## Exercise requirements
Set down the first line below and each line after it, ending with the one that holds "Retrieval models usually". Pictures do not belong in the copy.

[Records from a data collection]
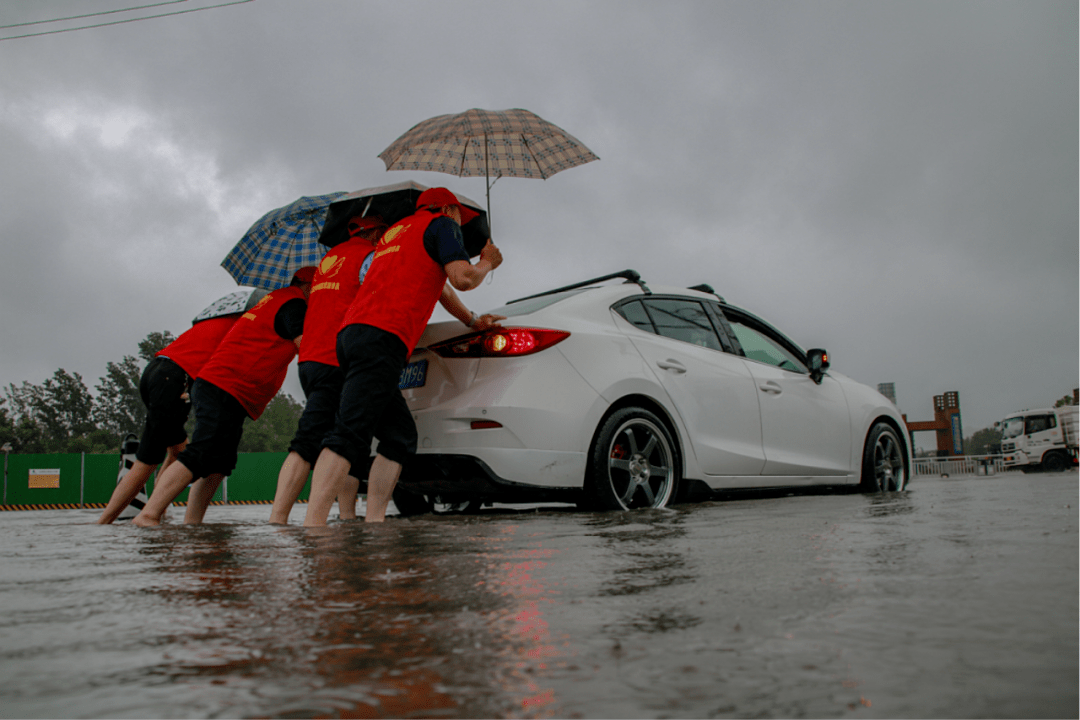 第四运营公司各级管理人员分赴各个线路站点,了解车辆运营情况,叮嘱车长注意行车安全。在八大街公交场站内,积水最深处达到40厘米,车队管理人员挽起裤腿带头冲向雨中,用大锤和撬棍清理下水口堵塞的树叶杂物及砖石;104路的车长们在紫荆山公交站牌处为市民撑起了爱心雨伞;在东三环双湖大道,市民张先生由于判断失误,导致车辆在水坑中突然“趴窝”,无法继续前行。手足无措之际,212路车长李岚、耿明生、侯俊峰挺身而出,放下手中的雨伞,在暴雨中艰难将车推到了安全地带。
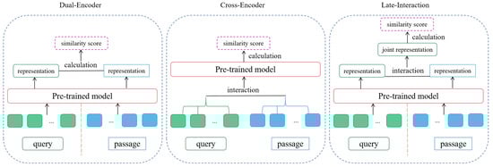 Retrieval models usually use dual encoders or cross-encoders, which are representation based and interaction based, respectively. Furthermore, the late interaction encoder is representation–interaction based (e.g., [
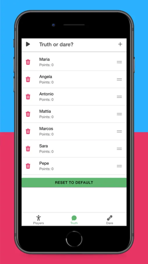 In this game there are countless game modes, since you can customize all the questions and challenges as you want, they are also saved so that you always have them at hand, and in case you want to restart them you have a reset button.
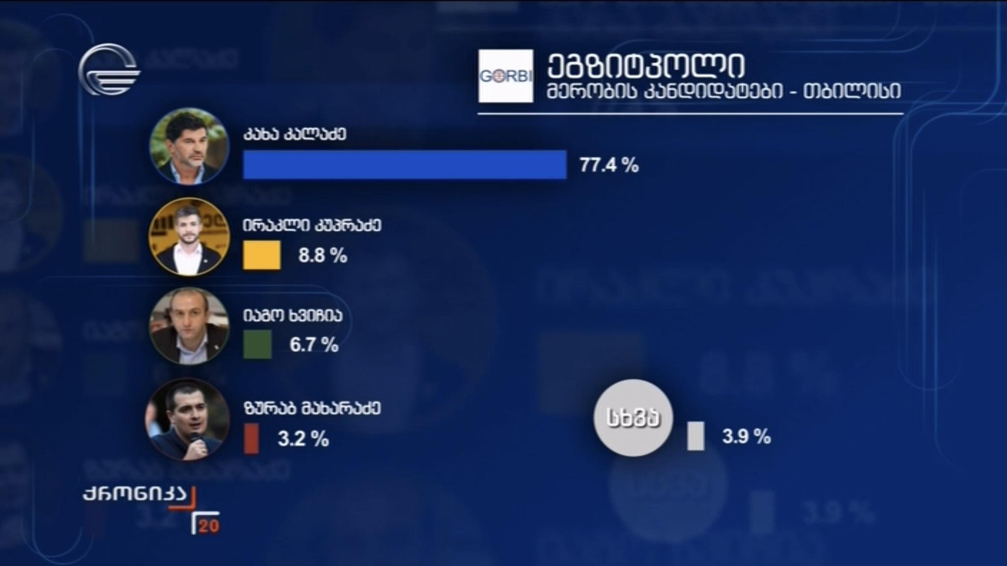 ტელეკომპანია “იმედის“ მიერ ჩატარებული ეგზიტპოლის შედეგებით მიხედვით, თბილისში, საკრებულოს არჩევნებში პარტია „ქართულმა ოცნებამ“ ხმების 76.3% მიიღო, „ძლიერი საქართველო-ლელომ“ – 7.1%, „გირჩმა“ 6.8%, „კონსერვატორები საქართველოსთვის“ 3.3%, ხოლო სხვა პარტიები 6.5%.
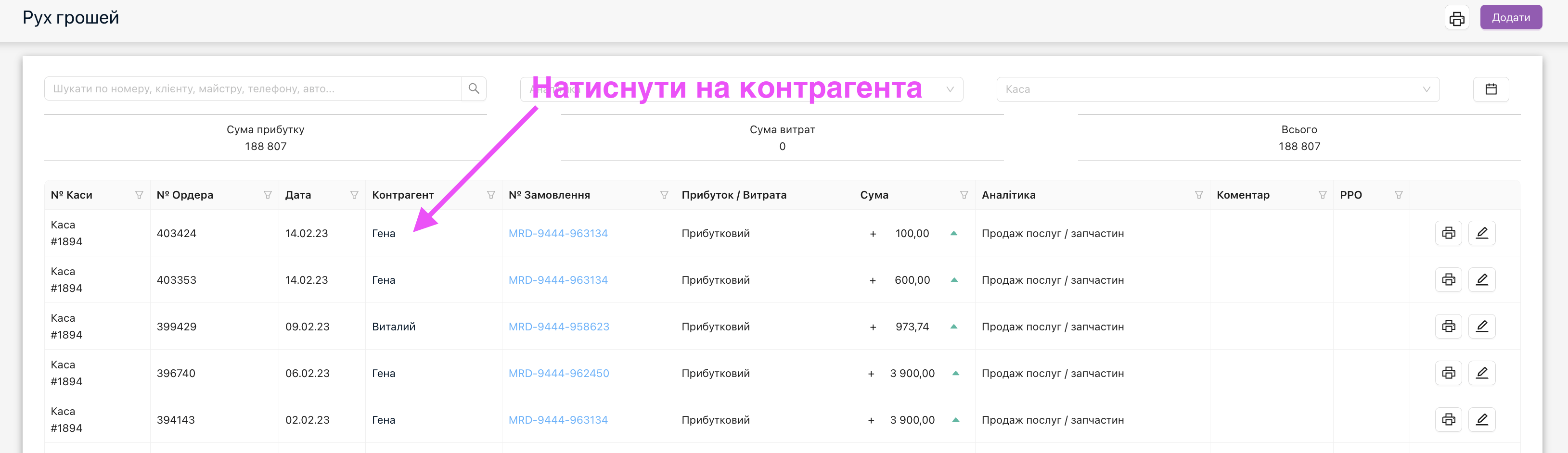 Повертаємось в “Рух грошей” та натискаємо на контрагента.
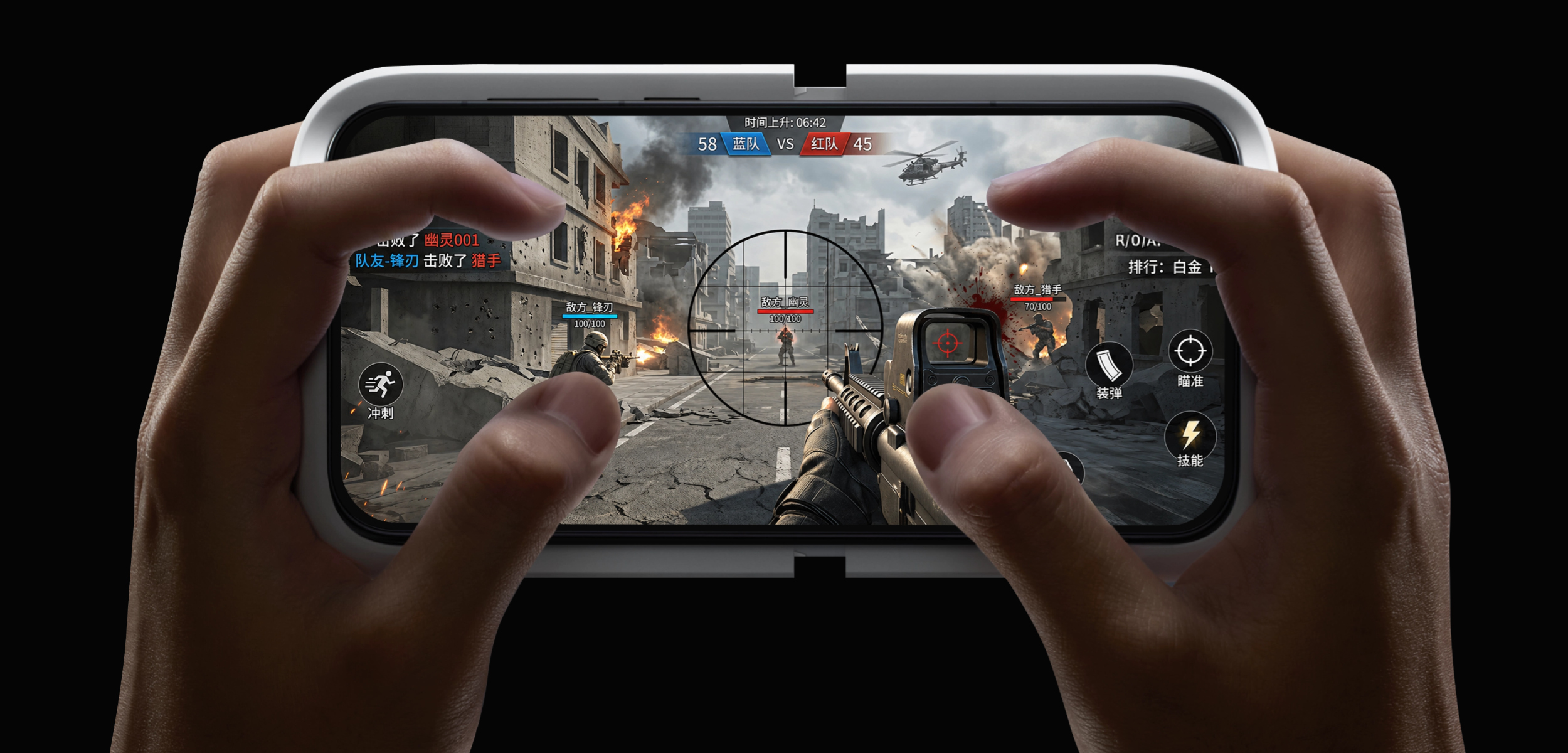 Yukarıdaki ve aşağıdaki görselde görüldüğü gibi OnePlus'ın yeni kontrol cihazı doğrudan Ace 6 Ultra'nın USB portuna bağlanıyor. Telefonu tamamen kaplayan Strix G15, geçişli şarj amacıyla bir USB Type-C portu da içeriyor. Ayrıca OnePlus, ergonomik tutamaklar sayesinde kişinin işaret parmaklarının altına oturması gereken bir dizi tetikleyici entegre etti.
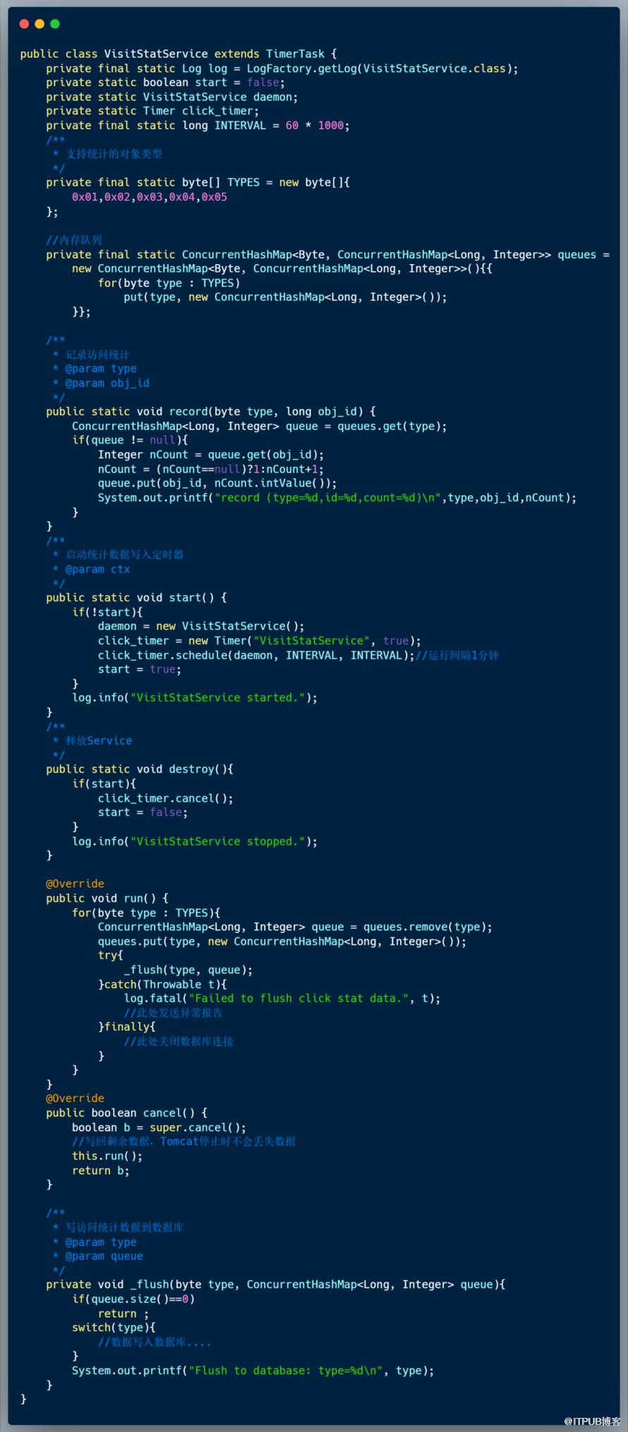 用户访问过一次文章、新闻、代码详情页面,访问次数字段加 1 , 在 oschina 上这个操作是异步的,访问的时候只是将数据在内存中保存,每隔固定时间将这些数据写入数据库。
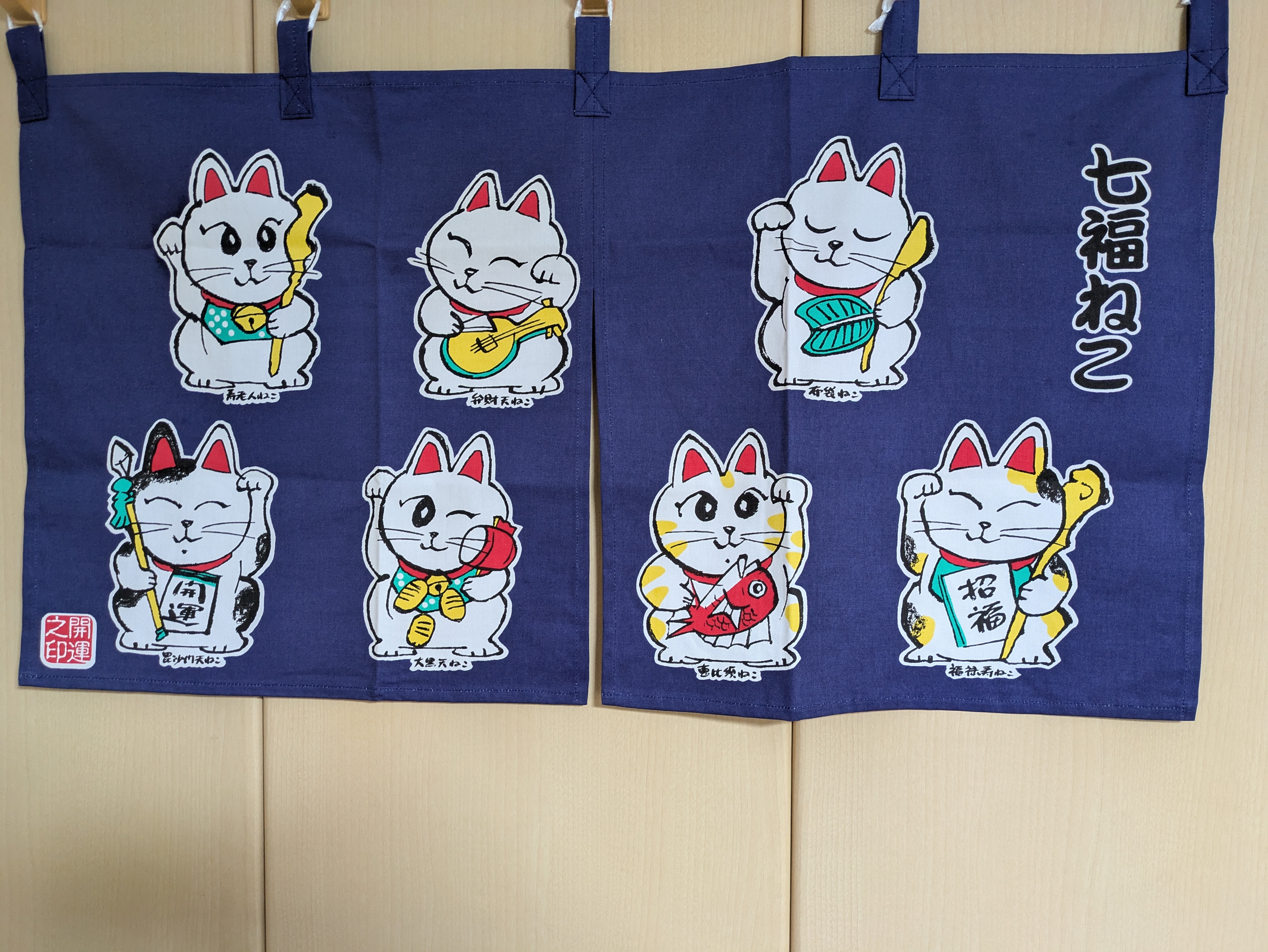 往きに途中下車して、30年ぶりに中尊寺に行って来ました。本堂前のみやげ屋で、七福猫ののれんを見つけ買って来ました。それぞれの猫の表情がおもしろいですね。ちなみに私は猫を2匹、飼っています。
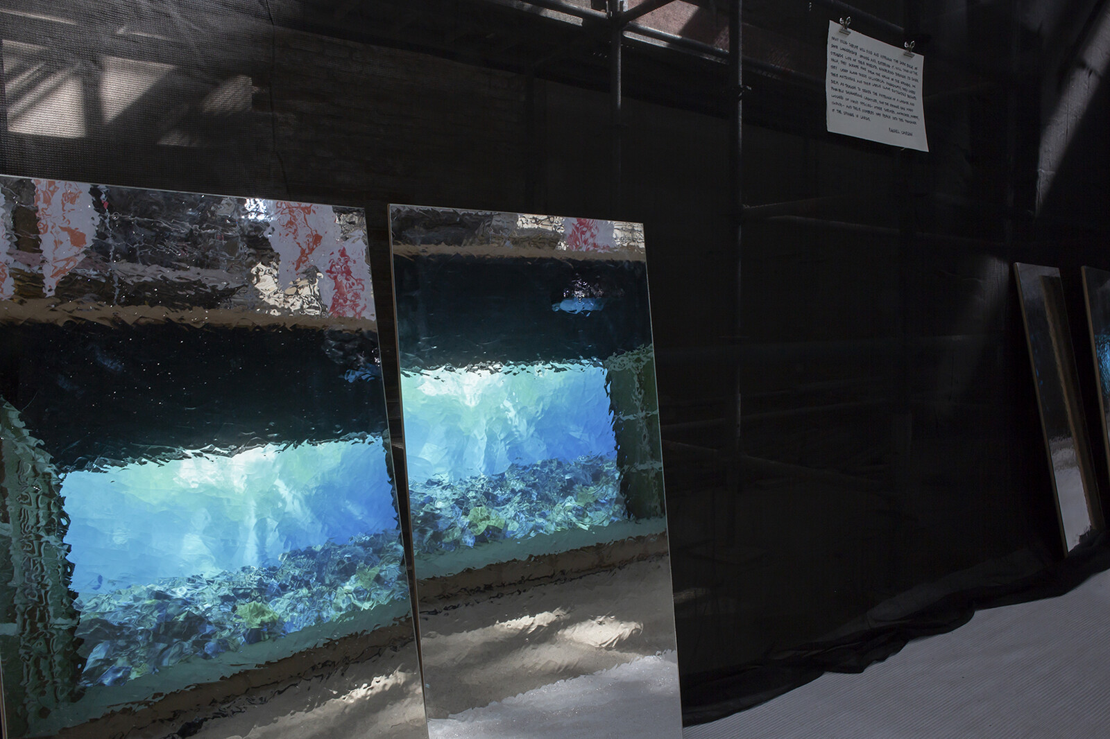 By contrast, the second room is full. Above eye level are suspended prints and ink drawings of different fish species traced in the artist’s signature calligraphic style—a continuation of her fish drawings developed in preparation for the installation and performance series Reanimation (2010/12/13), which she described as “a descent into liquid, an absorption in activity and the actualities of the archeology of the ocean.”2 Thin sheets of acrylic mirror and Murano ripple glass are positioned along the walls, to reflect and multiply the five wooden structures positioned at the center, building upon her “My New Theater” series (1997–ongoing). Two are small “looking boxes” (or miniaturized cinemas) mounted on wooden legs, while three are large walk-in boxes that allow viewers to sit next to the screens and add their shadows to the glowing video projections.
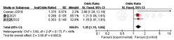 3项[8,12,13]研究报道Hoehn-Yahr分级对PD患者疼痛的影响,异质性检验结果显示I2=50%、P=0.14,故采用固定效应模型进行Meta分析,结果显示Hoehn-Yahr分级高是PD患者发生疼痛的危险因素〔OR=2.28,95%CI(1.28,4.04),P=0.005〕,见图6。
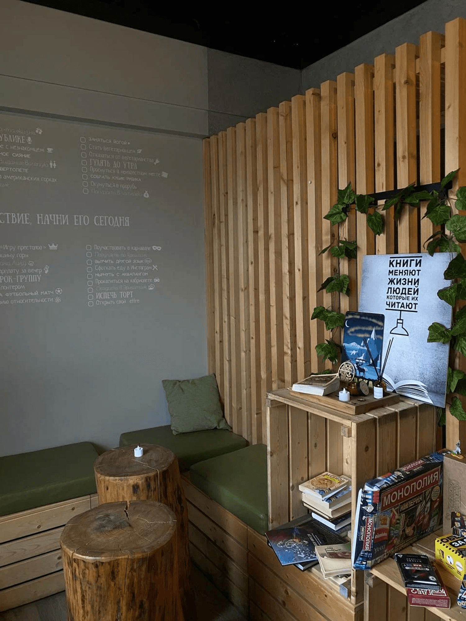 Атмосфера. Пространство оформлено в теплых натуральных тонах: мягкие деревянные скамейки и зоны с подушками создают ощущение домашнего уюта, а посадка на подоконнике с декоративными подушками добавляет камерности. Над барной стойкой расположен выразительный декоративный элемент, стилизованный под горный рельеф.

## Problem solution
 第四运营公司各级管理人员分赴各个线路站点,了解车辆运营情况,叮嘱车长注意行车安全。在八大街公交场站内,积水最深处达到40厘米,车队管理人员挽起裤腿带头冲向雨中,用大锤和撬棍清理下水口堵塞的树叶杂物及砖石;104路的车长们在紫荆山公交站牌处为市民撑起了爱心雨伞;在东三环双湖大道,市民张先生由于判断失误,导致车辆在水坑中突然“趴窝”,无法继续前行。手足无措之际,212路车长李岚、耿明生、侯俊峰挺身而出,放下手中的雨伞,在暴雨中艰难将车推到了安全地带。
 Retrieval models usually use dual encoders or cross-encoders, which are representation based and interaction based, respectively. Furthermore, the late interaction encoder is representation–interaction based (e.g., [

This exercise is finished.